Click to Expand Images

Gold carried those ideas from conversation into action. Since stepping into the chief wellness officer role, she has launched a range of efforts to make wellness a shared, systemwide priority.

She leads student and staff groups focused on mental health, funds new ideas through campus mini grants and hosts rotating wellness events that tackle topics like social connection and substance misuse. Together, these initiatives strengthen services, build community and turn wellness into everyday practices.

But Gold says wellness starts with individual habits. With that in mind, she stresses repeatable, positive practices over dramatic fixes. Start by checking in daily by using an app, a sticky note or a morning ritual. She recommends building a toolbox of coping skills.

“I treat coping skills like hobbies,” she says. “You’ll do them if you like them.”

If one strategy fails, try another. Connect with a trusted person for support. Try a brief grounding exercise, like noticing what you can see, touch or hear, or taking slow, mindful breaths to bring attention back to the present moment. Or practice gratitude by focusing on positive moments instead of dwelling on negatives.

Gold acknowledges that virtual care has expanded options and should remain part of the mix. But she also notes that in-person visits sometimes reveal behavioral clues a screen can miss. When looking for therapy, she recommends searching directories, comparing fit and remembering that a better match can improve outcomes.

“If you don’t love your therapist, you might be able to do better,” she says.

Her ultimate measure of success goes beyond individual coping. She wants cultural change. Gold says success means her role at UT becomes unnecessary: not because problems vanish but because wellness becomes a routine part of decision making at the university and in the daily lives of faculty, staff, students and the communities UT serves.

“I almost become obsolete,” she says. “I’ve done my job so well that everyone else is doing the things that I’m doing.”

Dr. Jessi Gold’s Recommendations to Aid Everyday Wellness

  • HEADSPACE, CALM: Mindfulness and sleep applications for your phone or device. Both apps offer free tiers. Calm includes guided “bedtime stories” that many people find helpful for better sleep.
  • HOW WE FEEL: a free, science-based journal for tracking emotions to improve emotional awareness and well-being.

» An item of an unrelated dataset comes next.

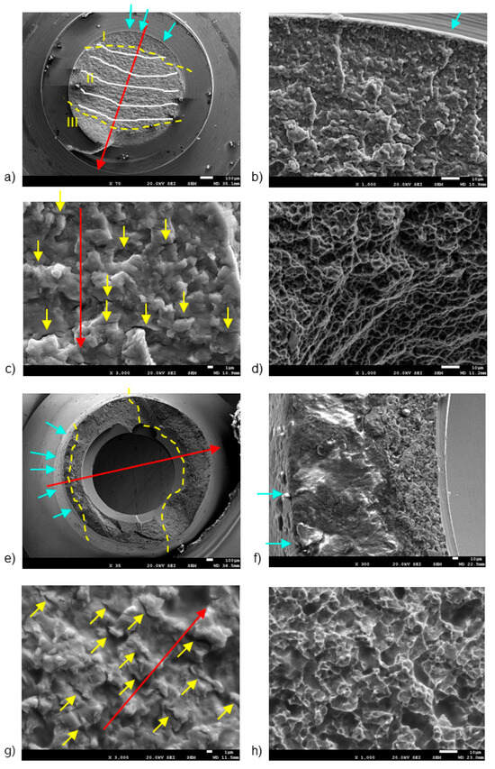 In the abutment, region I displayed a few crack initiation points, marked by blue arrows in Figure 4e. Notably, Region I showcased a smooth finish due to the rubbing contact between the crack surfaces under cyclic loading, resulting in a burnished appearance (Figure 4f) [17,37]. Region II displayed characteristic secondary cracks, marked by yellow arrows in Figure 4g.

Simple daily check-ins help users notice subtle changes before they become a crisis. Use the app or a sticky note; just keep doing It.
  • NAMI (National Alliance on Mental Illness): Plain-language information and family resources. NAMI’s materials help readers learn symptoms, find support groups and start conversations.
  • PSYCHOLOGY TODAY THERAPIST SEARCH: A searchable directory to compare therapists by location, specialty and insurance. Gold calls it Bumble for therapists. Find a fit that feels right.
  • SLEEP HABIT BASICS: Put your phone away at night, use an old-school alarm clock if needed and protect a consistent bedtime routine. Gold says better sleep often shows the biggest return on well-being.